REQUIRED WORK
Wherever pictures appear in the listing below, leave them out, and copy exactly, and only, everything from the line with "Roblin 900. Puissance" down to the line with "Корпус компрессионного фитинга".

TASK INPUT

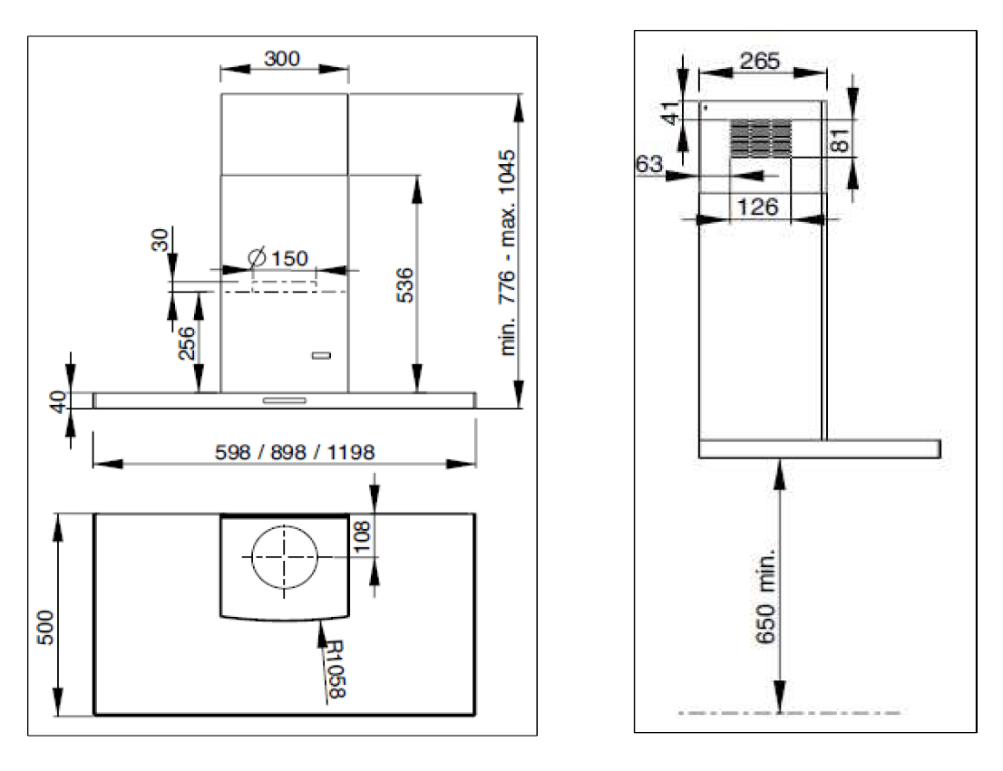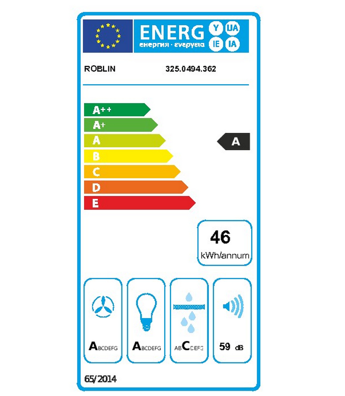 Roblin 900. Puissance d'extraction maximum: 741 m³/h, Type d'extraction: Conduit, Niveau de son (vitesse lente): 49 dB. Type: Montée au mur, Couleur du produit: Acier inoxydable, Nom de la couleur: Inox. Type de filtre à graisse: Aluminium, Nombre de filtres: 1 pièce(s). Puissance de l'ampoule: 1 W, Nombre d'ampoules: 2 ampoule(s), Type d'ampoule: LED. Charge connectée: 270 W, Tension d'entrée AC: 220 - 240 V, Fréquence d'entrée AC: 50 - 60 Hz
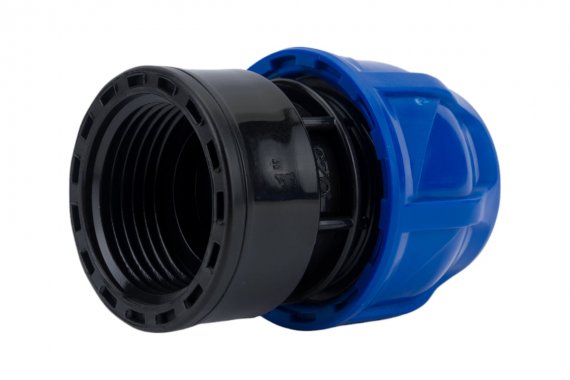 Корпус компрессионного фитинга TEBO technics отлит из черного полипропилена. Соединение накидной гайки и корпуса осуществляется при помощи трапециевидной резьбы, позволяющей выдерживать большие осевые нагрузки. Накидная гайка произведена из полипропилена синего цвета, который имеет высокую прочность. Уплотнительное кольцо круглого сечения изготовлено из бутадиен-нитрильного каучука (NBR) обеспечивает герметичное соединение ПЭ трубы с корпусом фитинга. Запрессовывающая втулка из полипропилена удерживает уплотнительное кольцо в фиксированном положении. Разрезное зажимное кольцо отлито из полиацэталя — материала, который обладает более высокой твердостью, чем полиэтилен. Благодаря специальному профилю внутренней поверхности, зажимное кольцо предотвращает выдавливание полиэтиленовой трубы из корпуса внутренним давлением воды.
==
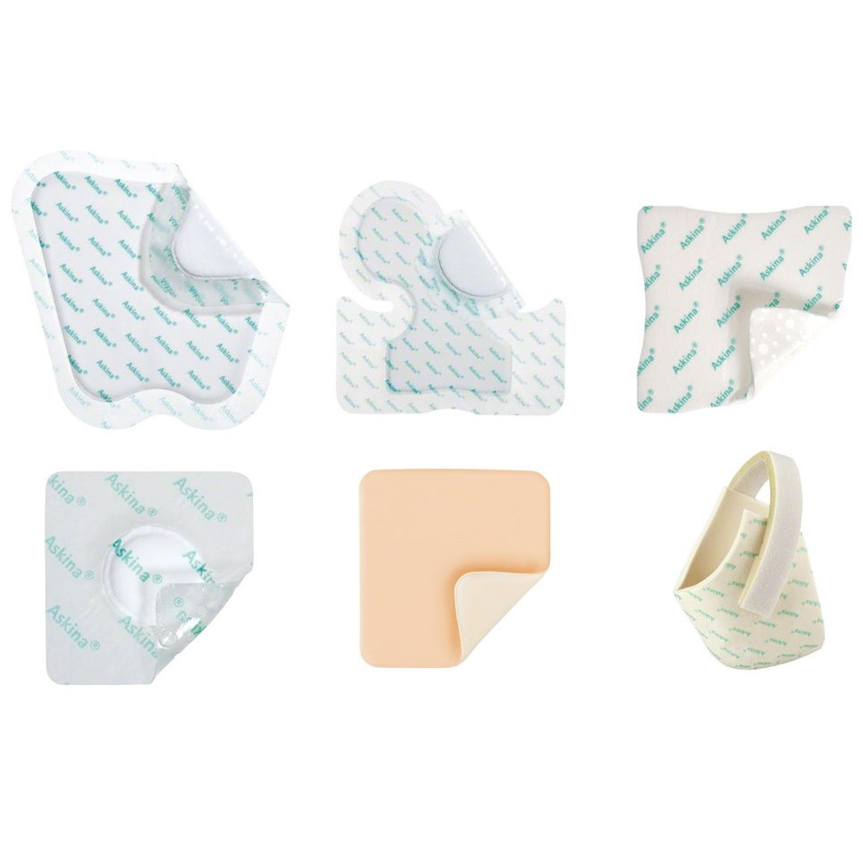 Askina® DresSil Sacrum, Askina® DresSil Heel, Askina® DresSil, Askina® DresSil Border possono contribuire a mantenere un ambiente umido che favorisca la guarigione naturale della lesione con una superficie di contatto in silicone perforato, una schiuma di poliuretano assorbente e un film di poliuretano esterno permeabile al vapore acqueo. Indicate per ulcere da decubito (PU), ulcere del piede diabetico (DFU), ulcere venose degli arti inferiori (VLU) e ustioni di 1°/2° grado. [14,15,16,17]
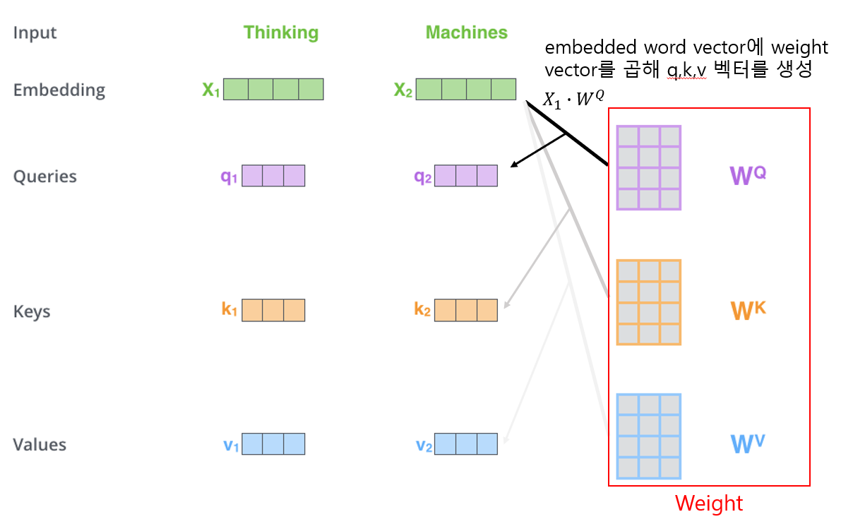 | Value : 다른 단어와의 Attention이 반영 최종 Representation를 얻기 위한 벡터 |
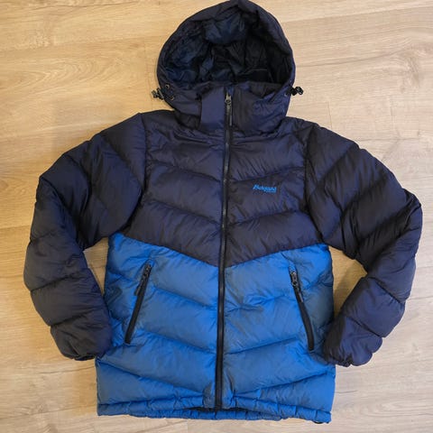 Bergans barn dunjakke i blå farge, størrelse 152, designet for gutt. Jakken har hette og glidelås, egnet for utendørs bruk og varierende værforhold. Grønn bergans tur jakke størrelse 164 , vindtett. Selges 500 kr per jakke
* * *
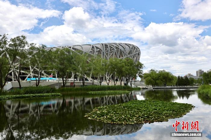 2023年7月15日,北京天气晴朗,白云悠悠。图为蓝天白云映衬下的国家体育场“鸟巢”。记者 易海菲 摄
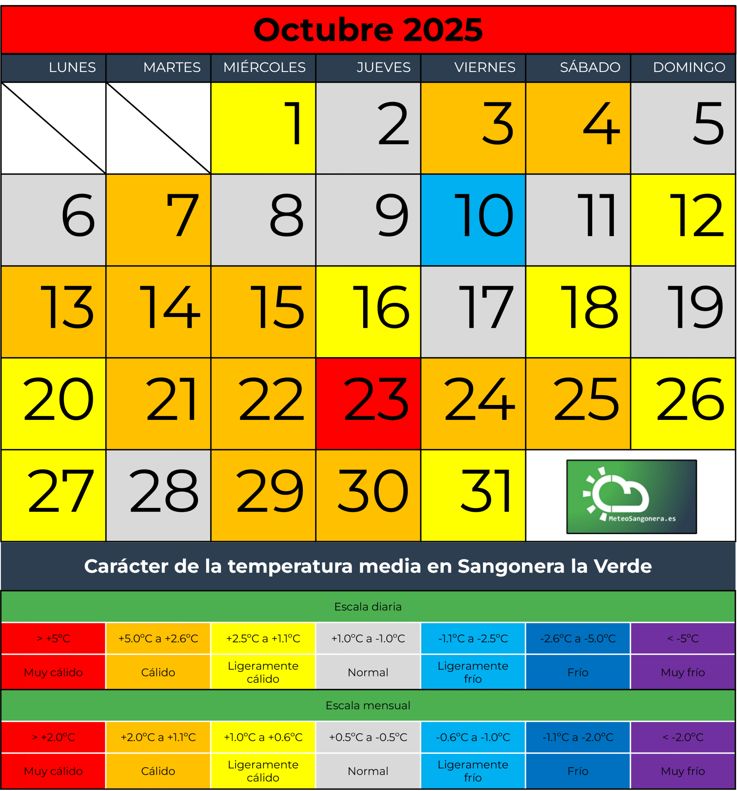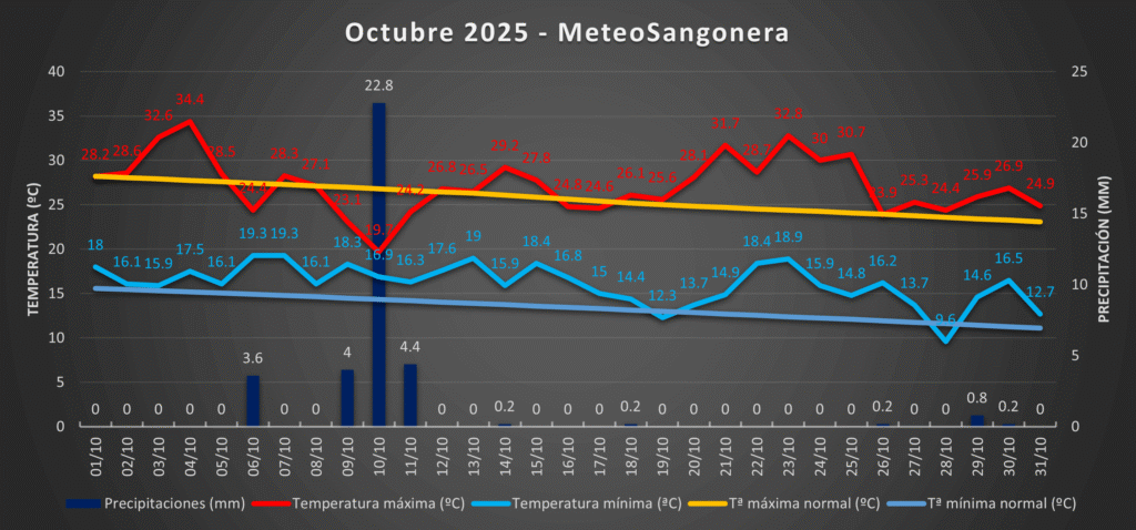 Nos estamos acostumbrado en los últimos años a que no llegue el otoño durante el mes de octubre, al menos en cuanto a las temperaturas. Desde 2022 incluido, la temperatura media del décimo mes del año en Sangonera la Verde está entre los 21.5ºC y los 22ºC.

ANSWER TO THE EXERCISE
 Roblin 900. Puissance d'extraction maximum: 741 m³/h, Type d'extraction: Conduit, Niveau de son (vitesse lente): 49 dB. Type: Montée au mur, Couleur du produit: Acier inoxydable, Nom de la couleur: Inox. Type de filtre à graisse: Aluminium, Nombre de filtres: 1 pièce(s). Puissance de l'ampoule: 1 W, Nombre d'ampoules: 2 ampoule(s), Type d'ampoule: LED. Charge connectée: 270 W, Tension d'entrée AC: 220 - 240 V, Fréquence d'entrée AC: 50 - 60 Hz
 Корпус компрессионного фитинга TEBO technics отлит из черного полипропилена. Соединение накидной гайки и корпуса осуществляется при помощи трапециевидной резьбы, позволяющей выдерживать большие осевые нагрузки. Накидная гайка произведена из полипропилена синего цвета, который имеет высокую прочность. Уплотнительное кольцо круглого сечения изготовлено из бутадиен-нитрильного каучука (NBR) обеспечивает герметичное соединение ПЭ трубы с корпусом фитинга. Запрессовывающая втулка из полипропилена удерживает уплотнительное кольцо в фиксированном положении. Разрезное зажимное кольцо отлито из полиацэталя — материала, который обладает более высокой твердостью, чем полиэтилен. Благодаря специальному профилю внутренней поверхности, зажимное кольцо предотвращает выдавливание полиэтиленовой трубы из корпуса внутренним давлением воды.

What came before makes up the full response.